Но теперь он больше не заботился о том, чтобы чинно сидеть и развлекать даму разговором, робость его оставила, и он спросил:
— А ты, Ольга… ты, значит, вышла замуж?
— И что? — спросила она.
— Как-то трудно себе представить.
Ольга быстро собралась с мыслями и улыбнулась, все-таки она была дамой.
— Само собой, я вышла замуж. Мы все выходим замуж. Да и ты женился, как я слышала.
— Да. Под конец.
— Мне что ж, было сидеть и дожидаться тебя? — с улыбкой спросила Ольга.
— Нет. У меня не было никаких шансов.
— Не было.
— Я не решился что-нибудь сказать, когда был дома в последний раз.
— Да это и не имело смысла, — осторожно промолвила она.
— Иметь не имело, — сказал он, — но пользу принести могло.
Молчание.
— Забавный ты тип, Абель. Не переменить ли нам тему?

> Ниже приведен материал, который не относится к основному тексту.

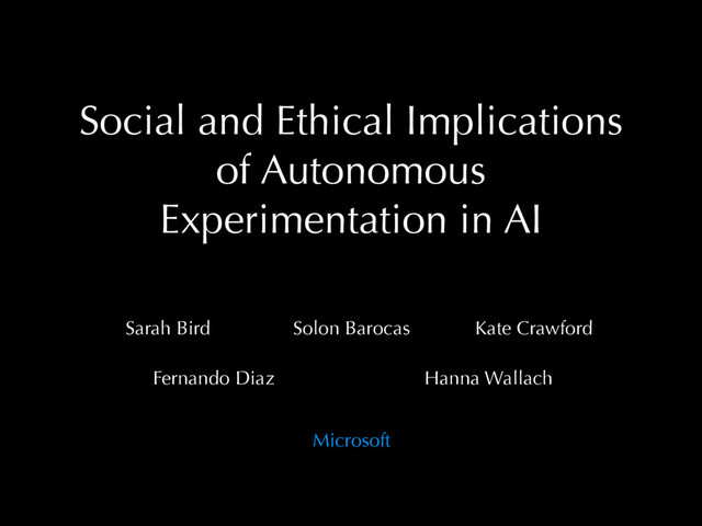 Bird Solon Barocas Kate Crawford Fernando Diaz Hanna Wallach Microsoft

— Пожалуй что и переменить. Вот только тему другую подыскать трудно. Прошло двенадцать лет с тех пор, как мы были молоды и болтали друг с другом.
Молчание.
— Я ведь, собственно, пришел… — И он порылся сперва в одном кармане, потом в другом. — Да, вот он! Я пришел, чтобы вручить тебе одну вещицу. Будь так добра, взгляни.
— Что? Это еще зачем? Нет…
— Да совсем маленькая вещичка, — уговаривал он.
— Браслет? Где ты только его отыскал?
Абель слегка улыбнулся.
— Я ведь однажды оставил тебя без браслета. Ты разве забыла?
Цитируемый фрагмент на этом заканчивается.